The following is an excerpt from the latest Short Seller’s Journal:

Economy is worse than policy makers admit publicly – Less than four months ago, the FOMC issued a policy statement that anticipated four rate hikes in 2019 with no mention of altering the balance sheet reduction program that was laid out at the beginning of the QT initiative. It seems incredible then that, after this past week’s FOMC meeting, that the Fed held interest rates unchanged, removed any expectation for any rate hikes in 2019, and stated that it might reduce its QT program if needed. After reducing its balance sheet less than 10%, the Fed left open the possibility of reversing course and increasing the size of the balance sheet – i.e. re-implementing “QE” money printing.

Contrary to the official propaganda the economy must be in far worse shape than can be gleaned from the publicly available data if the Fed is willing to stop nudging rates higher a quarter of a point at a time and hint at the possibility of more money printing “if needed.” Remember, the Fed has access to much more detailed and accurate data than is made available to the public, including Wall Street. The Fed sees something in the numbers that sent them retreating abruptly and quickly from any attempt to tighten monetary policy.

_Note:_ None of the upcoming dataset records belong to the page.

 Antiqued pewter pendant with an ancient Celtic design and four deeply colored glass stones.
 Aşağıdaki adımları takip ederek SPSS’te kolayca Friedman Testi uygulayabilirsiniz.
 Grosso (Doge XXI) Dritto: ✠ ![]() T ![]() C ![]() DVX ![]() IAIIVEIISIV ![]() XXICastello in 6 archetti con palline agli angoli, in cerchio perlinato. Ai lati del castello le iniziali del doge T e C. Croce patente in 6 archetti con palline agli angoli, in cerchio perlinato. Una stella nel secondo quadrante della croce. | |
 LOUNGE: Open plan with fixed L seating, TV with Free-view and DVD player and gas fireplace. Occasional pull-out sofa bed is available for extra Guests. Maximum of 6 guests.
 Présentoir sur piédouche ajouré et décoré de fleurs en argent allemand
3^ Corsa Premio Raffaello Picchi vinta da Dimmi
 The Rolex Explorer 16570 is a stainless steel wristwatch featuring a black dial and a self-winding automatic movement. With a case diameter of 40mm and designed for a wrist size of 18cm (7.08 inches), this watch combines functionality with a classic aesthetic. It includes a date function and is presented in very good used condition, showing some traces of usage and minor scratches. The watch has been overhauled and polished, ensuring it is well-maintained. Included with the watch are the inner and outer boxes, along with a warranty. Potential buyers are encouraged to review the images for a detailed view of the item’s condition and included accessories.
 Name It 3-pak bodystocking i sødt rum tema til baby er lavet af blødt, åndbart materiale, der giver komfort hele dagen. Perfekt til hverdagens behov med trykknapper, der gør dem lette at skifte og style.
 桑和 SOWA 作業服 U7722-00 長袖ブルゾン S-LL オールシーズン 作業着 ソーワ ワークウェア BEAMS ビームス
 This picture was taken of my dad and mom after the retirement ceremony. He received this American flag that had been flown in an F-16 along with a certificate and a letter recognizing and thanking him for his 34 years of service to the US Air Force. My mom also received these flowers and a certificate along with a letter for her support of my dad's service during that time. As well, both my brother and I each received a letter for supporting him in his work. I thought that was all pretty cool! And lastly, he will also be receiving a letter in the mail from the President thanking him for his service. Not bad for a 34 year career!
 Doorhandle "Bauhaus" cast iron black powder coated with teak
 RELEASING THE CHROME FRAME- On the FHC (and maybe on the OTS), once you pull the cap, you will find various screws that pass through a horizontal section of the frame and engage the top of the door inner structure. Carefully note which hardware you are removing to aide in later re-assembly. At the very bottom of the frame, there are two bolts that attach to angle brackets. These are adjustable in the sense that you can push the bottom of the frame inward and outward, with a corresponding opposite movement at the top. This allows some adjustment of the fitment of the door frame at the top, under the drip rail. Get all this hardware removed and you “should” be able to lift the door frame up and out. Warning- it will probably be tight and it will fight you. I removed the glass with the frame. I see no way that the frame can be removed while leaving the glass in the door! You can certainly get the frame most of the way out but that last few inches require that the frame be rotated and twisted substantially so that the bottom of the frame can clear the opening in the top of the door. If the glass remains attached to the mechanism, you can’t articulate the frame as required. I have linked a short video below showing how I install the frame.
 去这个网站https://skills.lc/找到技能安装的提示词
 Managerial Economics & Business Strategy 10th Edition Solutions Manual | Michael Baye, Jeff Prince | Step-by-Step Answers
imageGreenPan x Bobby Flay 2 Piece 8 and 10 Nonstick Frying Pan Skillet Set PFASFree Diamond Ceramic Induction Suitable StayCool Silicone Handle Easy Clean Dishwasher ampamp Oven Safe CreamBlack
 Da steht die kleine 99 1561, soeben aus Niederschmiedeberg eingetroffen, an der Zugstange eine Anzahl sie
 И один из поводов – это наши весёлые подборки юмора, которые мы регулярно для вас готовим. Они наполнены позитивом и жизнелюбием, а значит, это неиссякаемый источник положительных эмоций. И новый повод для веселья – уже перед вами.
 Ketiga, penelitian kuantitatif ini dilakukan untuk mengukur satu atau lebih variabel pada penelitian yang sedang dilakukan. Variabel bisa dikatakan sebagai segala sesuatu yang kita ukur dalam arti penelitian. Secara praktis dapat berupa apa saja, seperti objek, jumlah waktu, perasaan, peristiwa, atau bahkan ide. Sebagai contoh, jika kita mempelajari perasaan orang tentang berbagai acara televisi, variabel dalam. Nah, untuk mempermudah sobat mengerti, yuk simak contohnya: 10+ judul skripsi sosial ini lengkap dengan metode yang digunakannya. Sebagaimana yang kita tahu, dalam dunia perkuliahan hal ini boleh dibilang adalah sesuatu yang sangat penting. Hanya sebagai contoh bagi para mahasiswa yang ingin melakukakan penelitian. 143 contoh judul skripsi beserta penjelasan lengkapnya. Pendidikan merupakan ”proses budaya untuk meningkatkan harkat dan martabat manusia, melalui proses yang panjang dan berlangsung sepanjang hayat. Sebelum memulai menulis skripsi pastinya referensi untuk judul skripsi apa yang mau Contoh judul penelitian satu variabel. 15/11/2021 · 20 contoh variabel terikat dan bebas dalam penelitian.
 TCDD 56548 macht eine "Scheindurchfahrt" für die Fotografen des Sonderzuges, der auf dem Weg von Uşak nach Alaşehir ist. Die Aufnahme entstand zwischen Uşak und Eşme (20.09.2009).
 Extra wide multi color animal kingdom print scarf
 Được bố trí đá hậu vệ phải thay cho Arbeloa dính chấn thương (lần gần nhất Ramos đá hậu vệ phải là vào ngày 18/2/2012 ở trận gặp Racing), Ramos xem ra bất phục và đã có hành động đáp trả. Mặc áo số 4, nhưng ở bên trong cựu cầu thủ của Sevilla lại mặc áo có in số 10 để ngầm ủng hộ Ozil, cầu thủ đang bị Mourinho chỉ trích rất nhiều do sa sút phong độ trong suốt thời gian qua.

Housing market – As I suggested might happen after a bounce in the first three weeks of January, the weekly purchase mortgage index declined three weeks in a row, including a 5% gap-down in the latest week (data is lagged by 1 week).  This is despite a decline in the 10-yr Treasury rate to the lowest rate for the mortgage benchmark Treasury rate since January 2018.


Not surprisingly, the NAR’s pending home sales index – released last Wednesday mid-morning for December – was down 2.2% vs November and tanked nearly 10% vs. December 2017. Pending sales are for existing home sales are based on contracts signed. This was the 12th straight month of year-over-year declines. Remarkably, the NAR chief “economist” would not attribute the decline to either China or the Government shutdown. He didn’t mention inventory either, which has soared in most major metro areas over the past couple of months.

For me, the explanation is pretty simple: The average household’s cost to service debt has reached a point at which it will become more difficult to find buyers who can qualify for a conventional mortgage (FNM, FRE, FHA):

The chart above shows personal interest payments excluding mortgage debt. As you can see, the current non-mortgage personal interest burden is nearly 20% higher than it was just before the 2008 financial crisis. It’s roughly 75% higher than it was at the turn of the century.  Fannie Mae raised the maximum DTI (debt-to-income ratio – percentage of monthly gross income that can be used for interest payments) to 50% in mid-2017 to qualify for a mortgage. This temporarily boosted home sales. That stimulus has now faded. And despite falling interest rates, the housing market continues to contract.

That said, the Census Bureau finally released new home sales for November. It purports that new homes on a seasonally adjusted, annualized rate basis rose a whopping 16.9% from October. I just laughed when I saw the number. The calculus does not correlate either with home sales data reported by new homebuilders or with mortgage purchase applications during that time period (new home sales are based on contract signings). 90% of all new home buyers use a mortgage.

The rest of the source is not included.